One is first of all physically undeveloped and weak. But grow tall and strong, brisk of stride and stern of visage, and you project a secular analog of Christ's noli me tangere, don't touch me. (Cf. John 20:17.)
The child is also psychologically without defenses, overly impressionable and suggestible, and at the mercy of anyone who cares to launch an attack. But as the years roll by one develops the requisite filters. One learns to hold people and their attitudes at arm's length, psychologically speaking. Reading the Stoics helps, as does blogging. One develops a thick skin given all the bottom-feeders and scum-suckers that patrol its vasty deeps. But mainly it is just living day by day and dealing with the world's tomfoolery that has the requisite desensitizing effect. One becomes self-assured and sufficient unto oneself. Validation by others becomes less and less important.
In third place comes the financial weakness of childhood. Money buys freedom, freedom from the wrong environments and the wrong people. A little thought discloses that money is negatively related to happiness. Money can't buy happiness, but it can buy the absence of misery. Or to put the point precisely, it can buy that without which most of us will be miserable. It can put one in a position where the pursuit of happiness is likely to succeed. It doesn't take much by way of money and what it can buy to be happy. But happiness does require a modicum, with the possible exception of a few enlightened sages.
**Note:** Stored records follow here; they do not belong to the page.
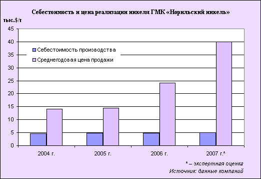 К примеру, в 2006 г. себестоимость добычи никеля составила $4477/5701 за тонну на Таймырских и Кольских месторождениях ГМК соответственно. Себестоимость добычи никеля сравнительно стабильна, растет довольно медленно: с 2003 г. в Заполярном филиале она увеличилась всего на $500. Средняя себестоимость производства всех металлов, выпускаемых ГМК, более подвижна, за 2006 г. выросла на 28% и составила $3158 за т.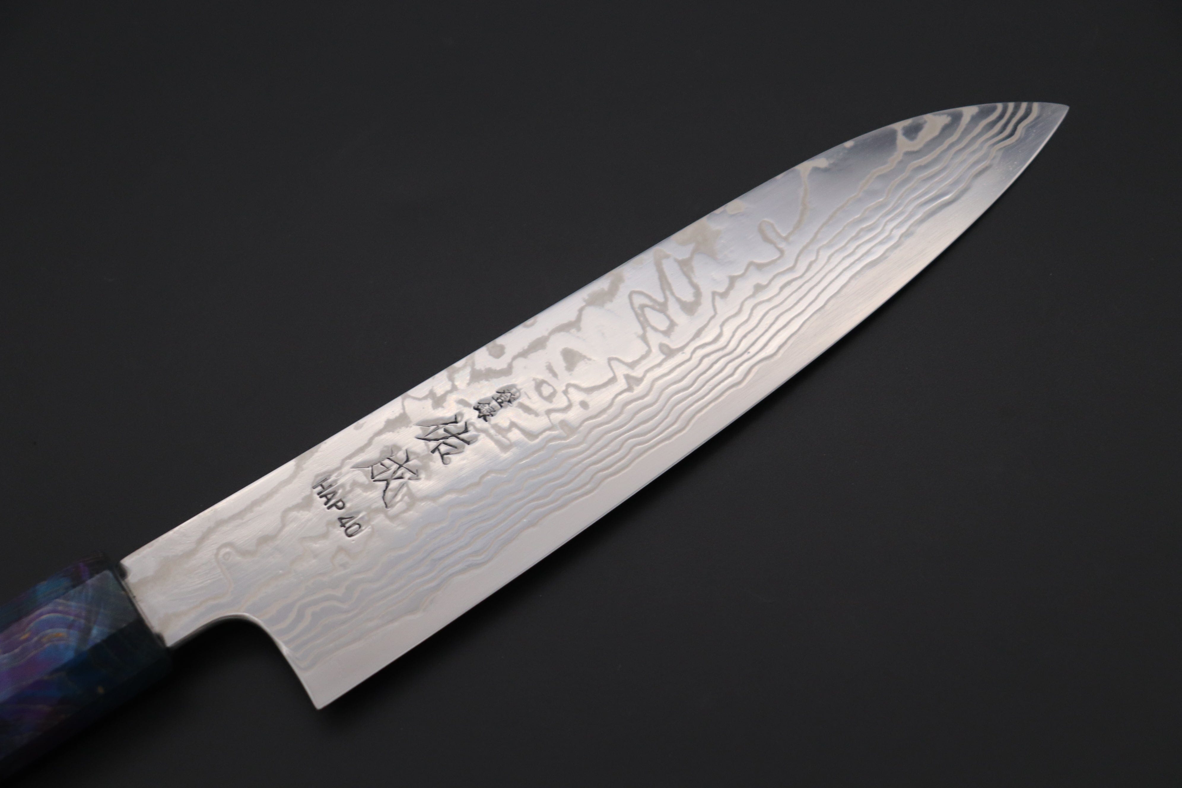 Master Hanaki believes that these new HAP-40 knives offer very competitive cutting performance and edge retention relative to his ZDP-189 and Aogami Super knives. In addition, HAP-40 offers better toughness than ZDP-189, - even when it is heat-treated to a higher Rockwell hardness. Consequently, Master Hanaki has confidence that the new Sukenari HAP-40 knives will prove to be some of the best performing and most practical knives that Sukenari offer.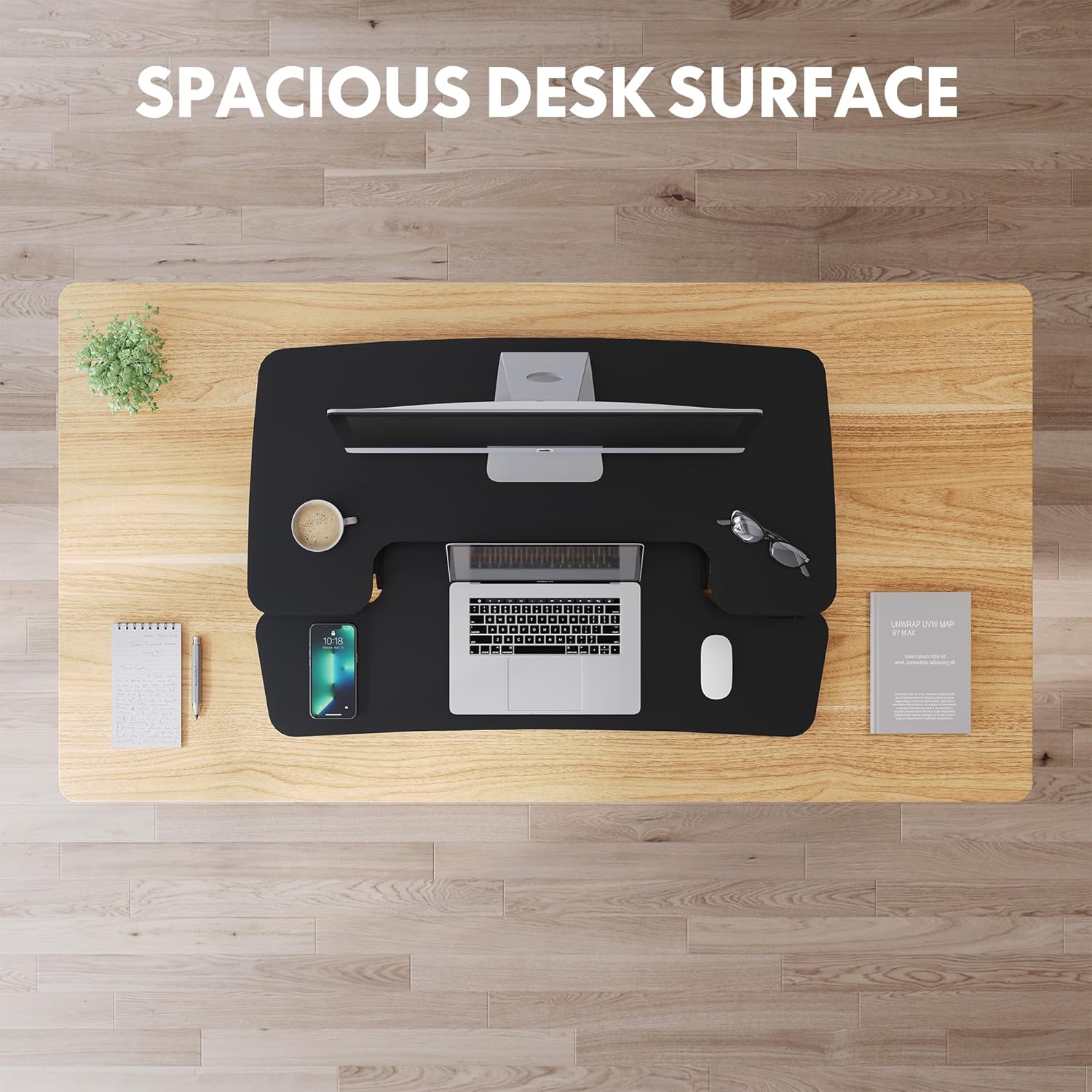 FLEXISPOT Electric Standing Desk Converter 36" Wide Motorized Stand up Riser for Monitor and Laptop, Black Height Adjustable Workstation for Home Office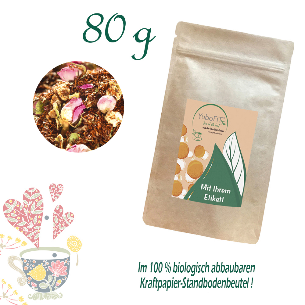 Rotbuschtee (83%), Rosenknospen, Feigenstücke, Aroma, Kiwistücke, Brombeerblätter.

So adulthood has its advantages, and for some of us they outweigh its disadvantages. But your experience may vary, and a fool's errand it would be to argue against another's experience.
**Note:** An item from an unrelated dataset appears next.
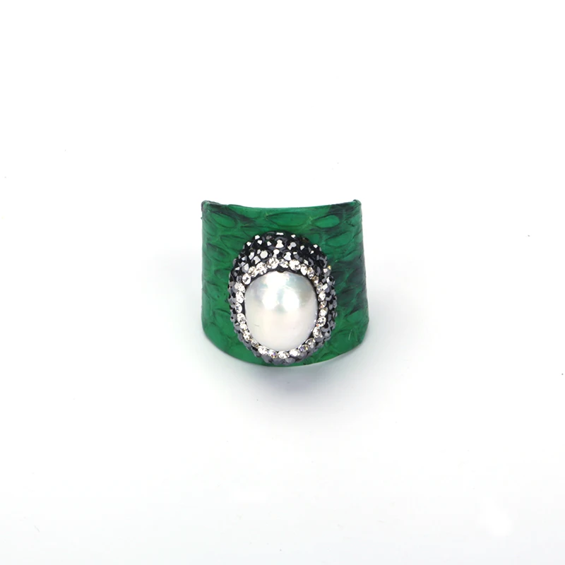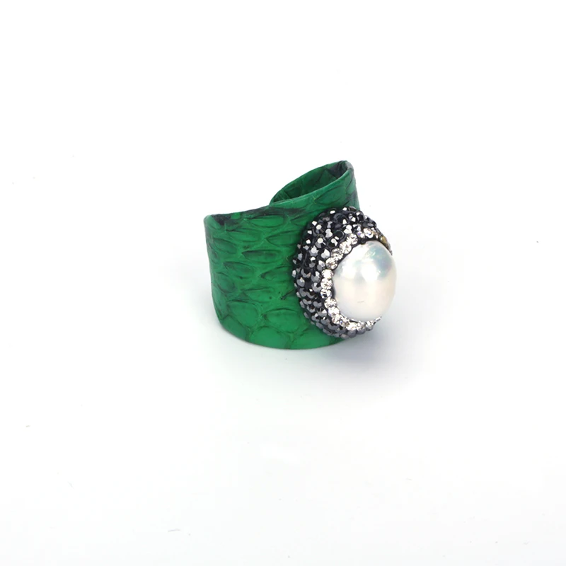 KEJIALAI Роскошные ювелирные изделия натуральный жемчуг бусина Стразы Шарм Зеленый цвет настоящая змеиная кожа регулируемое Открытое кольцо манжета для женщин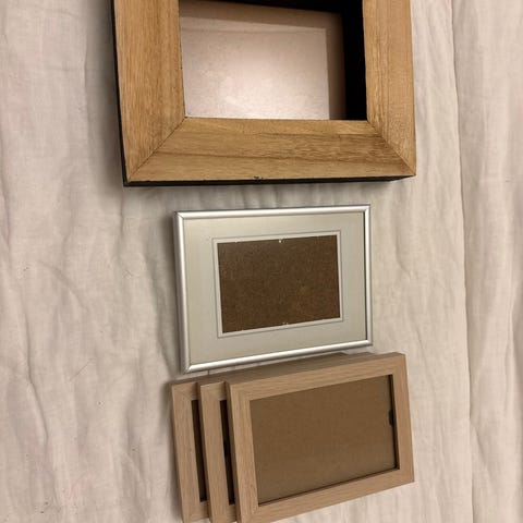 3 kpl tummanruskeaa, mustakehyksistä korkkitaulua. Ostettu IKEAsta. Seinään kiinnitettävät, erilliset kiinnitysosat niin saa taulut sekä pysty-, että vaakasuuntaan.

When you get old, your friends and grammar school classmates die, so there's that.
"Now I am alone, my King!" Bedivere loudly cried, "Whither shall I go, my King, now that our world has died?"
https://www.youtube.com/watch?v=Fs8Td5AKwxE
Posted by: Joe Odegaard | Sunday, January 14, 2024 at 08:14 PM
Joe,
Would you agree with me that it is better to be our age than to be young?
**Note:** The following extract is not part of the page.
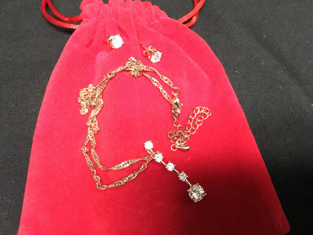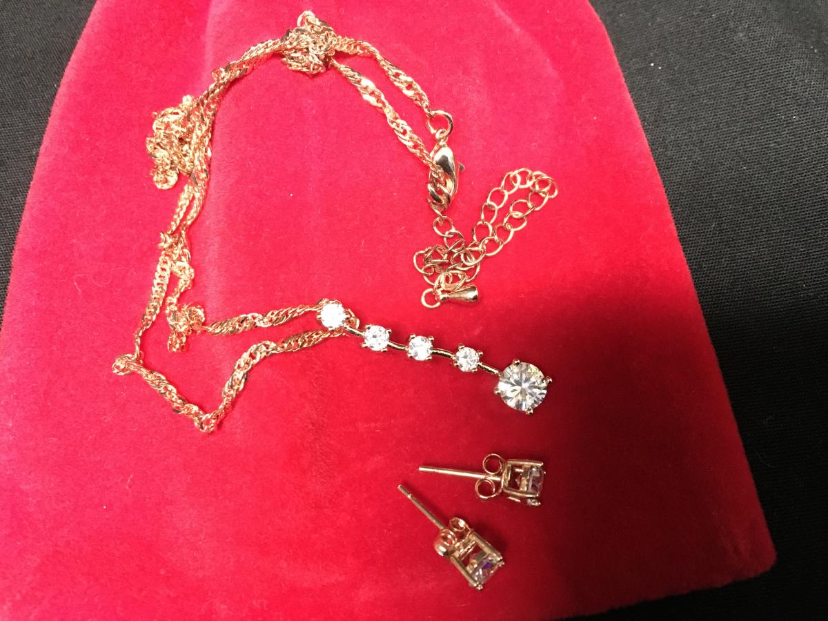 Charter Club Rose Gold Four Crystal drop Necklace and Earrings

Posted by: BV | Monday, January 15, 2024 at 03:15 AM
For me, one of the advantages of old age (78 last month) is the sense that this material world has a diminishing hold over me. While I do not welcome death, which is certainly on the near horizon, I value the distance that has opened up between me, whatever I am—body and soul or body alone—and the material reality that I have inhabited for almost eight decades, which, its many joys aside, is instilled with so much that is hurtful, threatening, and worrying. I cannot, obviously, eliminate the last great threats of this world—physical decay and a miserable death—but the anxiety filled shadow that the rest of this reality has cast over me is certainly less ominous than when I was younger. I seem to say to the world, do what you may, I am passing beyond your grasp.
Posted by: Vito B. Caiati | Monday, January 15, 2024 at 04:52 AM
Well Brother Bill, When I look at now, and also look back, I like them both. The whole ride has been glorious. I am very glad that I have been created; thank you God.
Posted by: Joe Odegaard | Monday, January 15, 2024 at 07:54 AM
My disposition is less sunny that that of my old friend from kindergarten, Joe's. I incline, not so much to the saturnine, but to the serious and melancholy. Is this world an abbattoir or a garden of delights? Forced to choose, I'd say the former. Joe has no use for Benatar with his anti-natalism; I sympathize with him: I am happy not to be responsible for the creation of any more consciousnesses.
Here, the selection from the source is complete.